Georgia Tech Professors Reginald DesRoches and Kimberly E. Kurtis from the School of Civil and Environmental Engineering (CEE), along with CEE graduate students Joshua J. Gresham and Brett Holland, say the concrete is made from recycled rubble and indigenous raw materials using simple techniques. And it meets or exceeds the minimum strength standards defined by the American Concrete Institute and used in the U.S.
This new method for developing concrete could be a sustainable strategy for clearing the “logjam that is blocking reconstruction,” the Georgia Tech research team said in the article “Breaking the reconstruction logjam: Progress through rubble reuse” that appears in this month’s Bulletin of the American Ceramic Society.
“The commodious piles of concrete rubble and construction debris form huge impediments to reconstruction and are often contaminated,” said DesRoches, professor of civil and environmental engineering at Georgia Tech. “There are political and economic dilemmas as well, but we have found we can turn one of the dilemmas – the rubble and debris – into a solution via some fairly simple methods of recycling it into new concrete.”

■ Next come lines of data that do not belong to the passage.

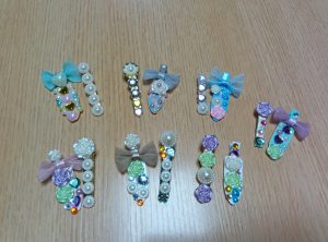 土台のクリップに選んだビーズシールやリボンを飾り付けました。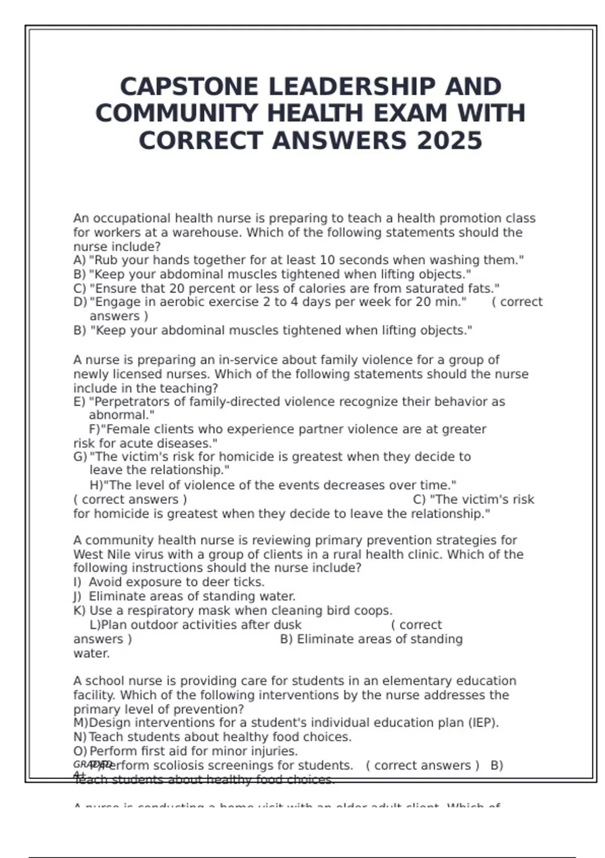 CAPSTONE LEADERSHIP AND COMMUNITY HEALTH EXAM WITH CORRECT ANSWERS 2025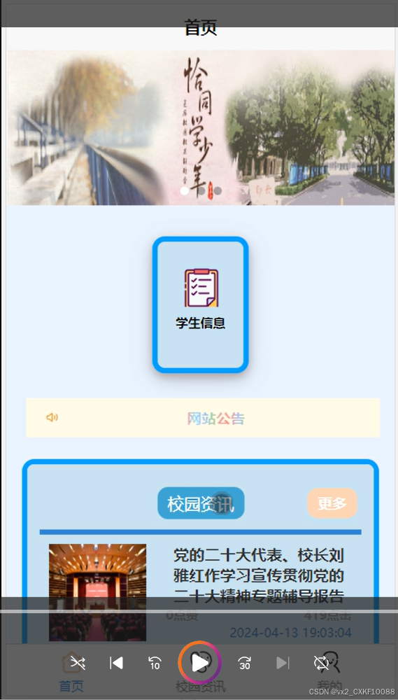 首页:当进入uniapp的辅导员工作助手的时候,可以看到系统中的导航栏,轮播图、学生信息、网站公告、校园资讯和我的等信息,其主界面展示如下图5-8。
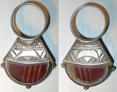 Large "tisek" ring with carnelian "tanfuk" stone made of silver. These rings are spread to all Tuareg tribes in most various types. They will be used as fingerring, hair ornament, pendants and even as toe rings. Measurements (LxBxT): 55x35x11 mm Ring inner diameter: ca.20 mm Weight: ca. 16 g. very nice work! |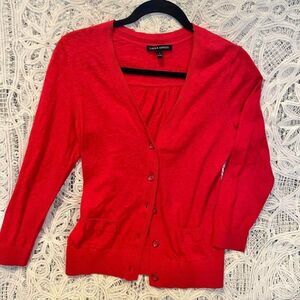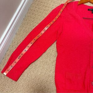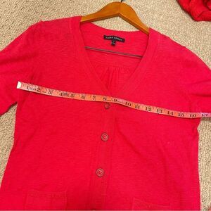This vintage cardigan by Laura Ashley is crafted in a vibrant red-orange hue, adding a pop of color to any outfit. Made from 100% cotton, it features a flattering cut with classic buttons and mini pockets at the bottom, making it both stylish and practical.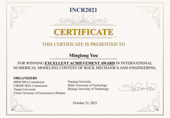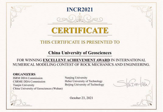(通讯员 张美霞)近日,在第一届国际岩石力学与工程数值仿真大赛中,我院学子取得一等奖、杰出贡献奖的好成绩,学校荣获卓越成就奖。

The 7.0-magnitude earthquake that hit Haiti on Jan. 12, 2010, caused an estimated 300,000 deaths and collapsed more than 300,000 homes and 30,000 businesses. A year later, many of the damaged areas remain covered with a vast amount of debris, estimated to be about 20 million cubic yards.
Born in Haiti, DesRoches traveled to Port-au-Prince eight times last year to collect samples of typical concrete rubble and available sand types that could be used in concrete preparation. He and his colleagues at Georgia Tech made concrete samples from the collected materials.
“Based upon these results, we now believe that Haitian concrete debris, even of inferior quality, can be effectively used as recycled coarse aggregate in new construction,” said Kurtis, Georgia Tech professor of civil and environmental engineering. “It can work effectively, even if mixed by hand. One key is having a consistent mix of materials that can be easily measured.”
DesRoches said recycling the debris eliminates two hurdles to reconstruction – limited landfill space for storing the debris and fiscal challenges of importing new building materials.
The Tech research team plans to share their research with Haitian government officials and non-governmental organizations working on reconstruction projects.